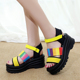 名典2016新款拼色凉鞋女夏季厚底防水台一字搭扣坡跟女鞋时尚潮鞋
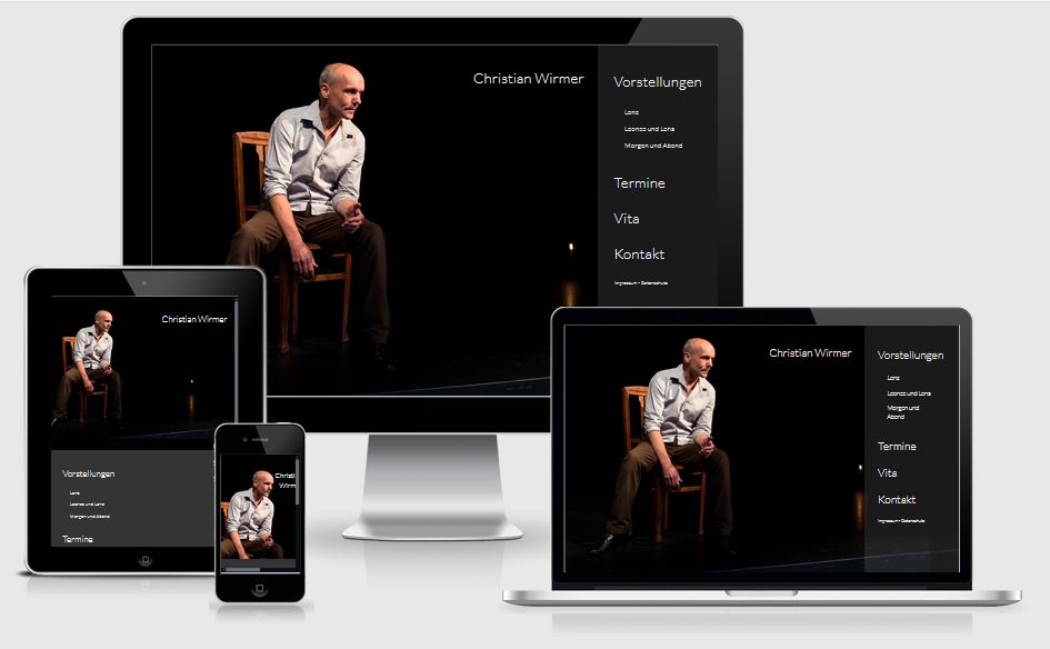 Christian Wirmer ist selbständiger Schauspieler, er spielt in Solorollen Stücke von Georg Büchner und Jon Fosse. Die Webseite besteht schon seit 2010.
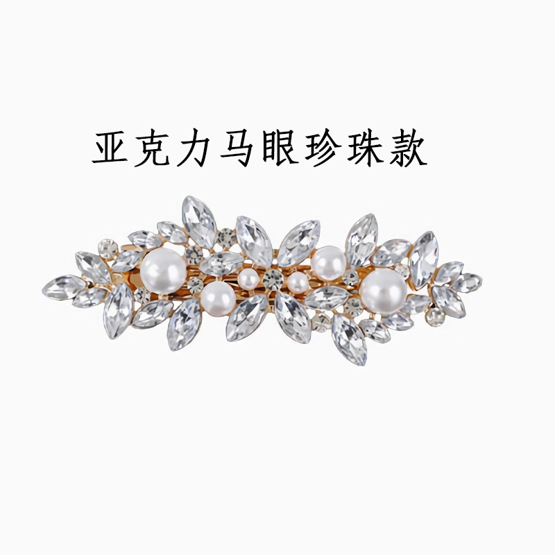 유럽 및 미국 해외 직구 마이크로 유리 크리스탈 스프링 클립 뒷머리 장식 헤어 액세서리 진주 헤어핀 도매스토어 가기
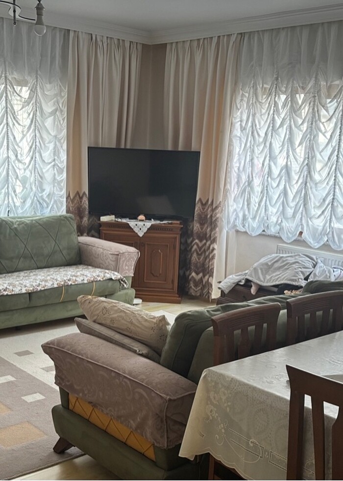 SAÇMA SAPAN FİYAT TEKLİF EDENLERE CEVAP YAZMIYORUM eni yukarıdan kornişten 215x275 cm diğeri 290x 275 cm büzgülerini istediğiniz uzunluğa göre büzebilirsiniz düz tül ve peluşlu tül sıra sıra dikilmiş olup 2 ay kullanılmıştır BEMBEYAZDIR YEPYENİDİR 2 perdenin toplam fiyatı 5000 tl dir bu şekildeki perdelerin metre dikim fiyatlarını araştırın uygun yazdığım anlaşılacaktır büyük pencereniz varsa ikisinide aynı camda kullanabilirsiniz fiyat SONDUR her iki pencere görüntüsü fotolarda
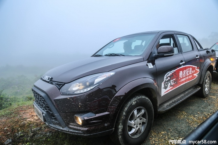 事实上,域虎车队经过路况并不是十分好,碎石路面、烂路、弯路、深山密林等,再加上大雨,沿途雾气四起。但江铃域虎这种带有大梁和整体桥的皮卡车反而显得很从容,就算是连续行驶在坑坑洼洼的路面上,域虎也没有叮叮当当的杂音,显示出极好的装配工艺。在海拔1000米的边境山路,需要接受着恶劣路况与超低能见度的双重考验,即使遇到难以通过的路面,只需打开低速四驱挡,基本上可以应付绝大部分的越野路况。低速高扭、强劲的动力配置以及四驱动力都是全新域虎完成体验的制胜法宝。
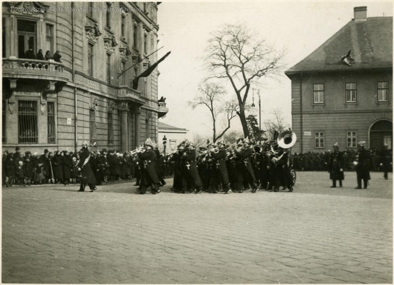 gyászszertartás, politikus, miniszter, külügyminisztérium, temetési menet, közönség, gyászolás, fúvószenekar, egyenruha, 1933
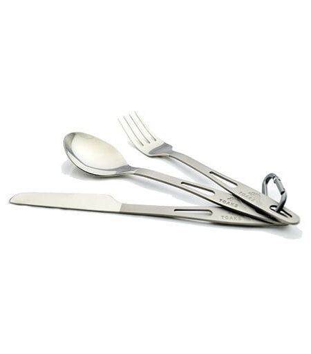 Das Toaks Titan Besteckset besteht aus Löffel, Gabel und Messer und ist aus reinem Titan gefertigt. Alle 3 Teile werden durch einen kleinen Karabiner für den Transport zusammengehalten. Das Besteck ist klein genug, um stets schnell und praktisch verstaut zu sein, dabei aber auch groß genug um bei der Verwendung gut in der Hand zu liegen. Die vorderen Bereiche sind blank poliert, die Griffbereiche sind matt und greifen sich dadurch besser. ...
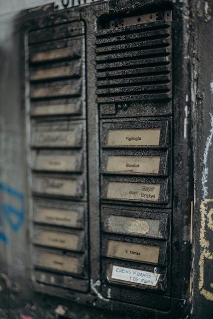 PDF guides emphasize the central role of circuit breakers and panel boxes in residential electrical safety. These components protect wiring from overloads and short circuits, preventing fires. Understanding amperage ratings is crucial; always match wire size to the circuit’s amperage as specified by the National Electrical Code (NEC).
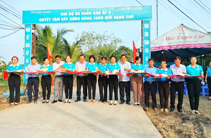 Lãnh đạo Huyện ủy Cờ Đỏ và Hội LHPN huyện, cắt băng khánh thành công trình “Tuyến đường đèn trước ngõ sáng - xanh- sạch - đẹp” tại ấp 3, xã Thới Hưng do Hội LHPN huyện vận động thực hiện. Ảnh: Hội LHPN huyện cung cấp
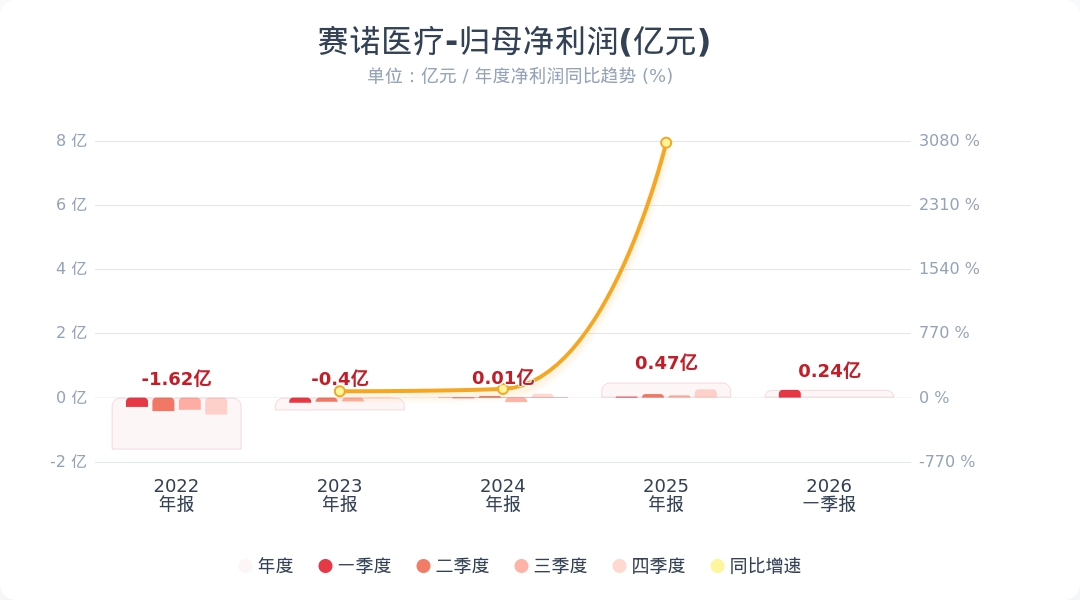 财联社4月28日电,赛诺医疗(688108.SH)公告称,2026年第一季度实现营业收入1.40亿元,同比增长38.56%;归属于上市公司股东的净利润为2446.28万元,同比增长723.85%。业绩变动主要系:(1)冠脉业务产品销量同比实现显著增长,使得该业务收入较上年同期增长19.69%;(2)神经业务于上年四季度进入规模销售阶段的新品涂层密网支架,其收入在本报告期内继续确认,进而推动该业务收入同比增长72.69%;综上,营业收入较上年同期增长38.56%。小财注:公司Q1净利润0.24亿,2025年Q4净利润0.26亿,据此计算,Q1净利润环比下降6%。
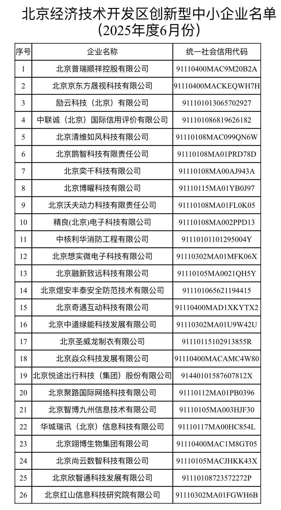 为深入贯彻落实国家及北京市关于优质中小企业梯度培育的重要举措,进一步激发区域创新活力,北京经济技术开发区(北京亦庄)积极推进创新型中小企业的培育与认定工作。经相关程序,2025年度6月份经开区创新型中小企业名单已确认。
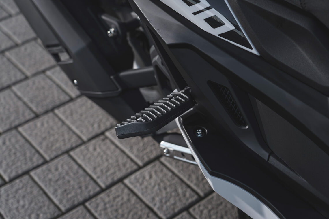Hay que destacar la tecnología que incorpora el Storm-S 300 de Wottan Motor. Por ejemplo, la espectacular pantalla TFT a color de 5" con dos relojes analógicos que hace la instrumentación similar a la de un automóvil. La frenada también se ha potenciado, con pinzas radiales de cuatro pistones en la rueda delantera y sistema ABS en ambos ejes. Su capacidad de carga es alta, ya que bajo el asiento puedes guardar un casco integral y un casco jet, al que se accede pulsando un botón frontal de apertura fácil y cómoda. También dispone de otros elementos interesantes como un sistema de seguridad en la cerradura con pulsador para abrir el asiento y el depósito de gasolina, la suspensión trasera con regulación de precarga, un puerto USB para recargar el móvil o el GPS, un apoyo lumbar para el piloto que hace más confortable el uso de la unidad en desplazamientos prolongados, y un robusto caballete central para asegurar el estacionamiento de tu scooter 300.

EXERCISE AIM - Make an exact copy of the lines above, beginning with the line with "유럽 및 미국 해외 직구" and ending with the line with "SAÇMA SAPAN FİYAT", and keep the pictures out of it.

RESPONSE AREA -
 유럽 및 미국 해외 직구 마이크로 유리 크리스탈 스프링 클립 뒷머리 장식 헤어 액세서리 진주 헤어핀 도매스토어 가기
 SAÇMA SAPAN FİYAT TEKLİF EDENLERE CEVAP YAZMIYORUM eni yukarıdan kornişten 215x275 cm diğeri 290x 275 cm büzgülerini istediğiniz uzunluğa göre büzebilirsiniz düz tül ve peluşlu tül sıra sıra dikilmiş olup 2 ay kullanılmıştır BEMBEYAZDIR YEPYENİDİR 2 perdenin toplam fiyatı 5000 tl dir bu şekildeki perdelerin metre dikim fiyatlarını araştırın uygun yazdığım anlaşılacaktır büyük pencereniz varsa ikisinide aynı camda kullanabilirsiniz fiyat SONDUR her iki pencere görüntüsü fotolarda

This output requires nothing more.